The recent disclosure in the National Assembly that 187 cases have been registered under the amended Prevention of Electronic Crimes (Amendment) Act 2025 is being presented as evidence of the state’s resolve to combat fake news. But the number itself raises a more troubling question: is the government really fighting misinformation, or simply tightening its grip over an already shrinking digital space? This concern is hardly new. The Human Rights Commission of Pakistan (HRCP), in a report last year, did not mince any words in calling for the outright repeal of the amended Peca law. It highlighted serious flaws, warning that the legislation, in both its original and amended forms, lends itself far too easily to coercive application. Even its recommendation for dialogue, to distinguish reasonable regulation from outright repression, appears to have gone largely unheeded. A fundamental contradiction is at the centre of this issue: the government insists that Peca is designed to safeguard public order and national security from deliberate digital disruption. Yet, in practice, the law has increasingly been used as a blunt instrument – one that targets journalists, critics and dissenting voices rather than the architects of coordinated disinformation campaigns. The result is a chilling effect that extends far beyond those directly ensnared by the law.
This is not merely a question of rights, but one of reason. A digital ecosystem cannot thrive under constant surveillance and arbitrary enforcement. When content is shaped to fit a narrow, pre-approved narrative, public trust erodes. Audiences disengage. Investors look elsewhere. The promise of Pakistan’s digital economy – already hampered by intermittent restrictions, from the ban on X to the creeping imposition of firewalls and limits on VPN usage – begins to feel increasingly hollow. The government’s stated objective to curb fake news and disinformation is, in principle, a legitimate one. No society benefits from an unregulated information landscape where falsehoods spread unchecked, inciting panic or unrest. But legislation like Peca is ill-suited to this task. Much of the misinformation ecosystem operates beyond Pakistan’s borders, placing it outside the effective reach of domestic laws. Criminalising local voices does little to address this transnational challenge. More importantly, misinformation is countered through credibility. The state’s most effective tool is not the threat of imprisonment or fines, but the ability to present timely, transparent and verifiable information. Fact-checking, public engagement and narrative-building rooted in evidence offer a far more sustainable response than punitive crackdowns.

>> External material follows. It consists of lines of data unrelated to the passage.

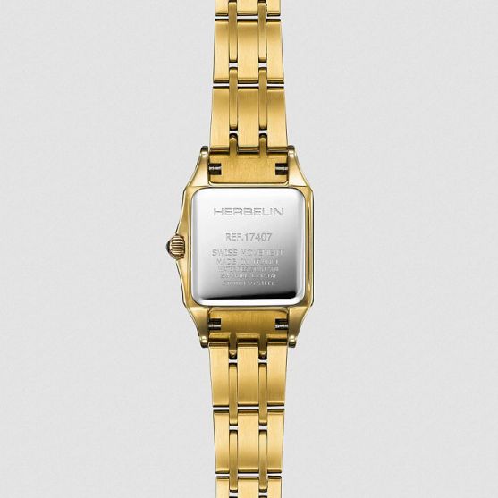 Montre femme Michel Herbelin 17407BP1N08. La montre femme Mini Luna de la maison Michel Herbelin présente un boîtier rectangulaire acier doré sur un élégant bracelet acier doré également.
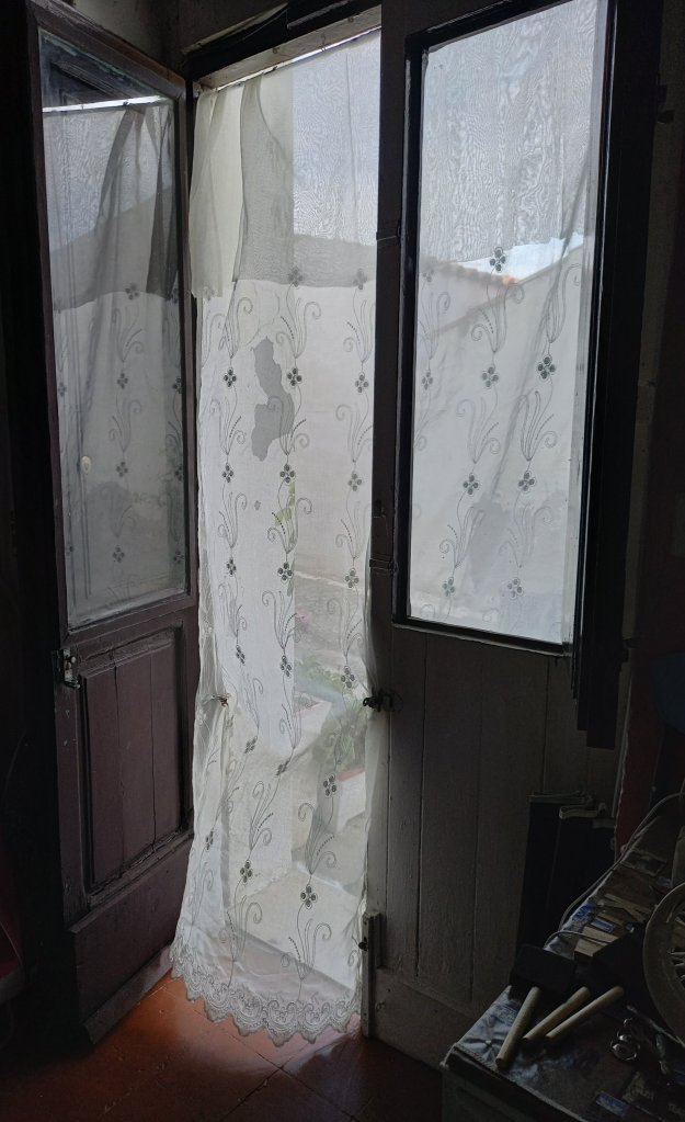 It’s been windy all day so I thought that I’d like to have my other door open to let the air in. That required a bit of fiddling around with some wire and a curtain pole and then finding a curtain . I had to cut it to fit. It’s not a very good job, but it works so far.
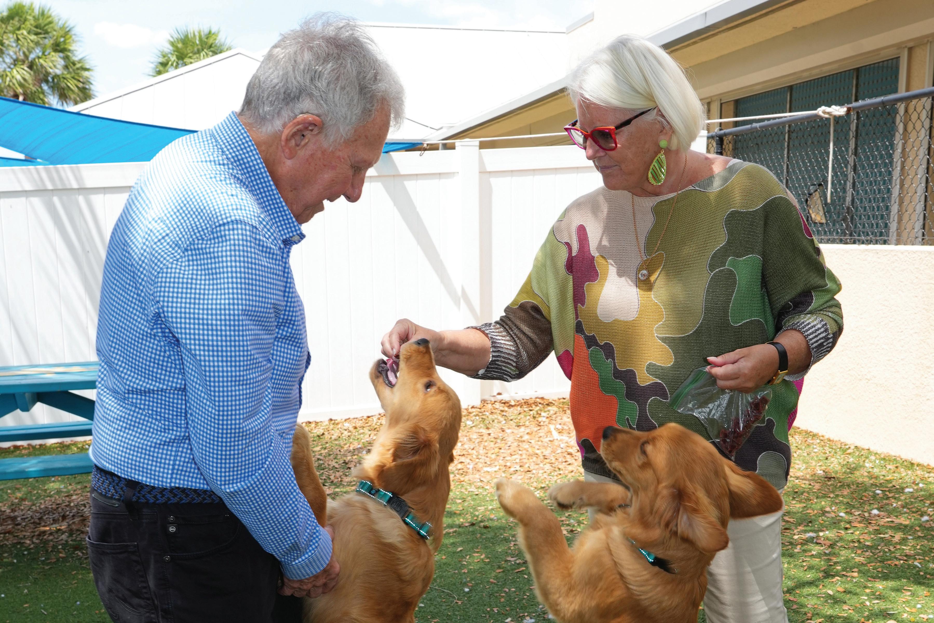 Jay and Patty Baker play with two six-month-old golden retriever puppies in a yard at Patty Baker Humane Society Naples on May 1. Photos by Liz Gorman
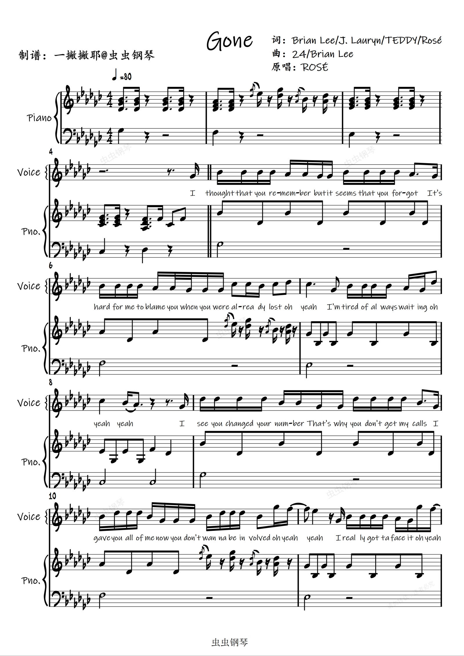 钢琴谱:Gone【弹唱谱】ROSÉ朴彩英「一撇撇耶」

There is also a deeper, more political dimension to the current approach. The growing focus on regulating digital spaces suggests an inability or unwillingness to compete in the marketplace of ideas. When political narratives cannot be countered through argument or performance, the temptation to suppress them through legislation becomes stronger. But such an approach is ultimately self-defeating. Pakistan does not lack examples to draw from. Around the world, governments grappling with misinformation have experimented with independent regulatory bodies, transparent oversight mechanisms and partnerships with technology platforms. These approaches are far from perfect, but they recognise a key principle: that regulation must be balanced with accountability and the protection of fundamental freedoms. The continued reliance on draconian laws like Peca reflects a broader governance mindset, which prioritises restriction over reform. It is a mindset that risks isolating Pakistan not only from global digital flows but also from its own citizens. If the aim is truly to combat misinformation, then the strategy must change. Incorrect facts should be countered with credible data. Those who disseminate misleading information should be compelled to correct the record. And the state must invest in building public trust rather than eroding it.